Penicillin allergy is the most commonly reported drug allergy, and the prevalence ranges from 5% in the general population to up to 15% in hospitalized patients [1, 2]. Significant IgE-mediated- or serious non-IgE mediated penicillin hypersensitivity occurs only in a minority of patients, however. Most penicillin allergy reports describe benign cutanous or even unknown reactions [3]. When excluding subjects with a severe type of allergic reaction, 95% of patients tolerate penicillin [2]. Unfortunately, very few patients with reported penicilin allergy undergo any form of evaluation.

Reported penicillin allergies lead to an increased use of broad-spectrum antibiotics with more side effects [4], higher risk of infections with multi-resistant bacteria, including VRE and MRSA [5], and longer hospital stays [1]. Disproving an inaccurate penicillin allergy diagnosis is therefore beneficial for patients, and society benefits from a lower level of antibiotic resistance and lower healthcare costs [6].

Penicillin allergy evaluation in Norway is traditionally carried out in an outpatient allergist clinic as a three-step procedure: (1) in vitro tests of IgE, (2) skin testing and finally (3) an oral challenge. Skin testing consists of several epi- and intradermal injections and can be painful, expensive and time consuming [2, 7]. Furthermore, skin testing yields a large proportion of false positives [8].
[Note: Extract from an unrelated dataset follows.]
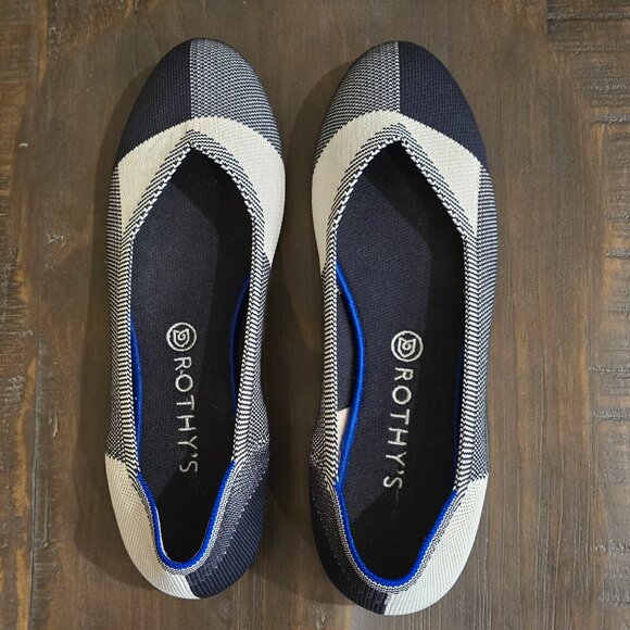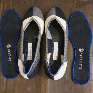 Rothy's "The Flat" style shoes, dark navy and cream color. Size 11 wide, worn only a few times. In excellent, clean condition.

An oral challenge is considered to be the gold standard for penicillin allergy evaluation [10]. Several studies have shown that it is safe to test low-risk patients with a direct oral challenge without preceding blood- or skin testing. In these studies, approximately 95% had no immediate reaction [7,8,9,10,11]. Absence of an immediate reaction excludes an IgE-mediated allergy, and future use of penicillin is considered safe [2]. The study population in these studies were mostly patients referred to an allergy clinic [7,8,9, 12], and young, healthy marine recruits [10]. Previous studies have expressed the need for more testing in non-healthy populations [13] and research done by non-allergists [14].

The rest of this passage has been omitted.